According to the local media outlet RBK, Russia’s Ministry of Finance has prepared a new version of Russia’s laws that introduce stringent measures regarding the usage of crypto wallets. The announcement follows an earlier attempt to prohibit crypto transactions in Russia. However, the report stated that this new amendment would come into force in January 2021. According to the new laws, crypto users in Russia have to report their wallet address and its transaction history to Russian tax authorities if the wallet turnover crosses 100,000 rubles ($1,300) in one year.
Crypto users might face prison time for up to three years for not complying.
If crypto users do not comply with the regulations, they might face imprisonment for up to three years, and in the case of crypto crimes, the new law would charge users with severe punishment. The law also addressed over-the-counter (OTC) cryptocurrency dealers who also have to report all transactions involving rubles and Russian IP addresses to the tax authorities, the report revealed. According to financial regulators, these latest regulations would help them curb illegal activities and offenses related to cryptocurrency, as officials claimed that digital currencies were most often used for tax evasion and money laundering.

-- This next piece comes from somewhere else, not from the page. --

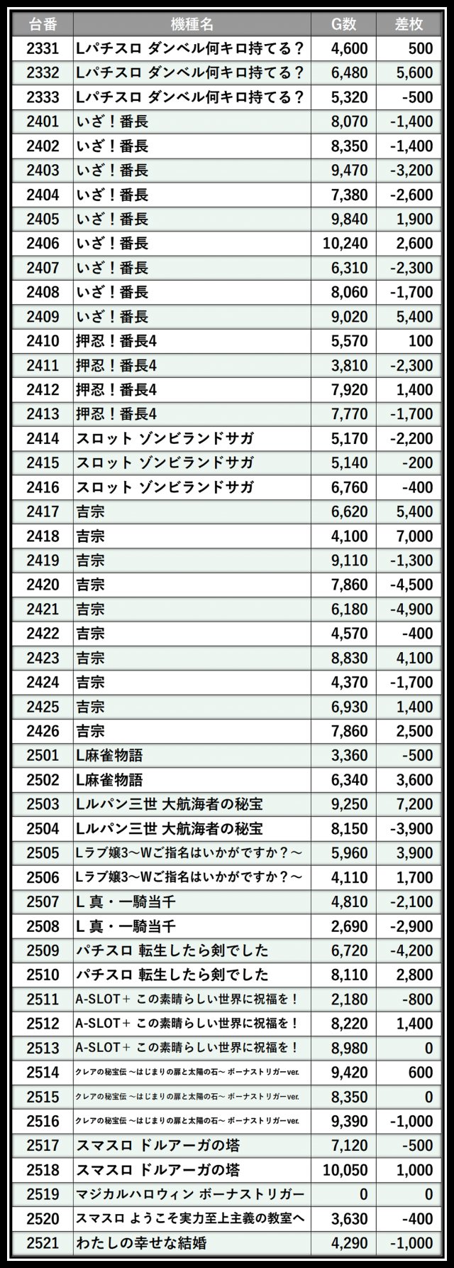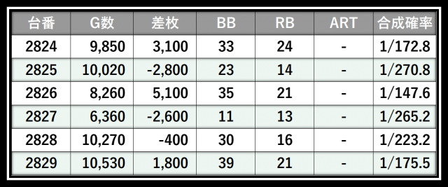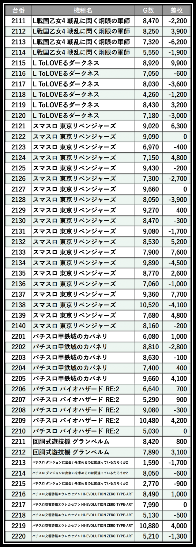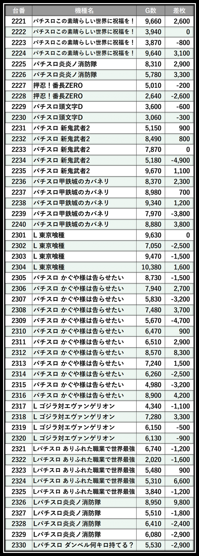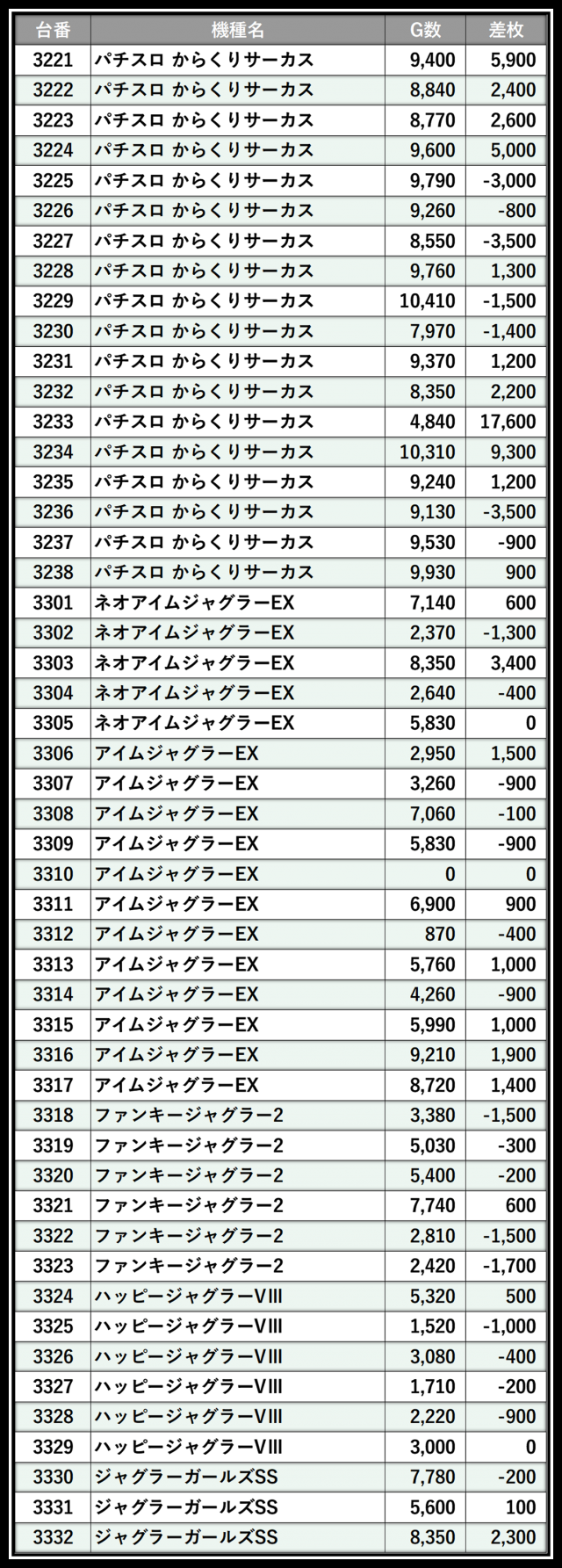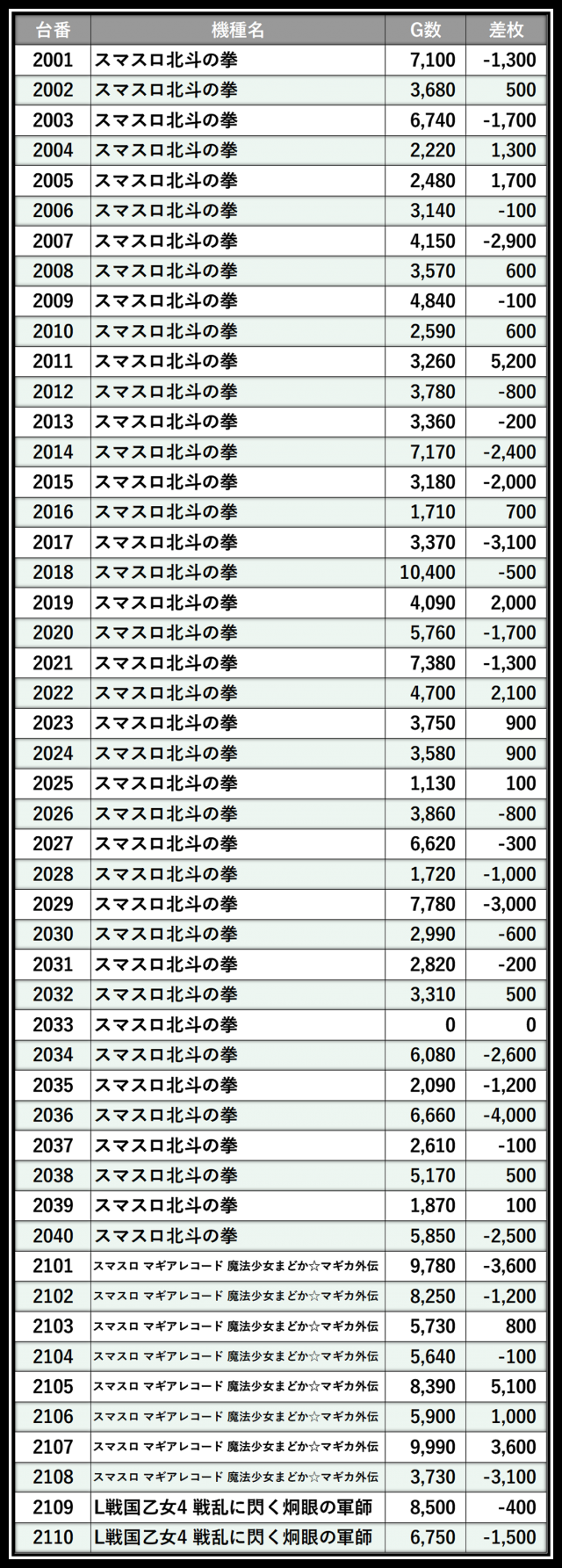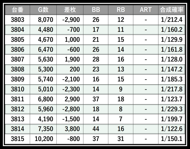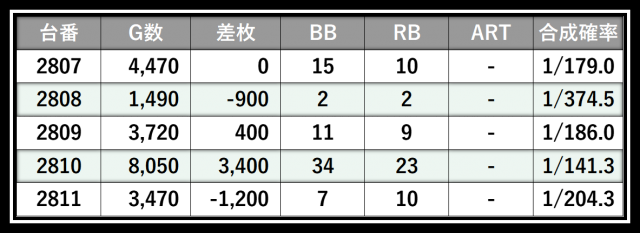※差枚数順に掲載しています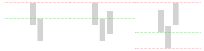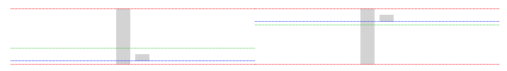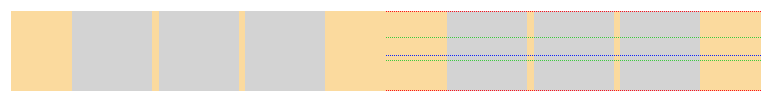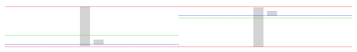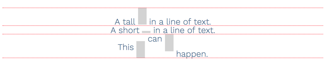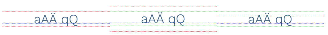 这里有三行文本紧挨着。红线表示行高的顶边和底边,绿线表示字体高度,蓝线表示基线。左边这一行,行高与字体高度相同,因此上下方的红色和绿线重叠在了一起。中间一行,行高是font-size的两倍。右边一行,行高为font-size的一半。

Russia witnessed a surge in crypto adoption this year.
According to new research from the blockchain analytical company Chainalyisis, Ukraine and Russia lead in the crypto adoption worldwide. The Index looked at three on-chain metrics, including the total value of on-chain crypto transactions weighted by purchasing power per capita (PPP), the value of on-chain retail transfers weighted by PPP, and the number of on-chain crypto deposits weighted by the number of internet users.
As reported earlier, the previous draft bill on digital assets sought harsh punishment for facilitating crypto transactions in Russia, including prison time of up to seven years.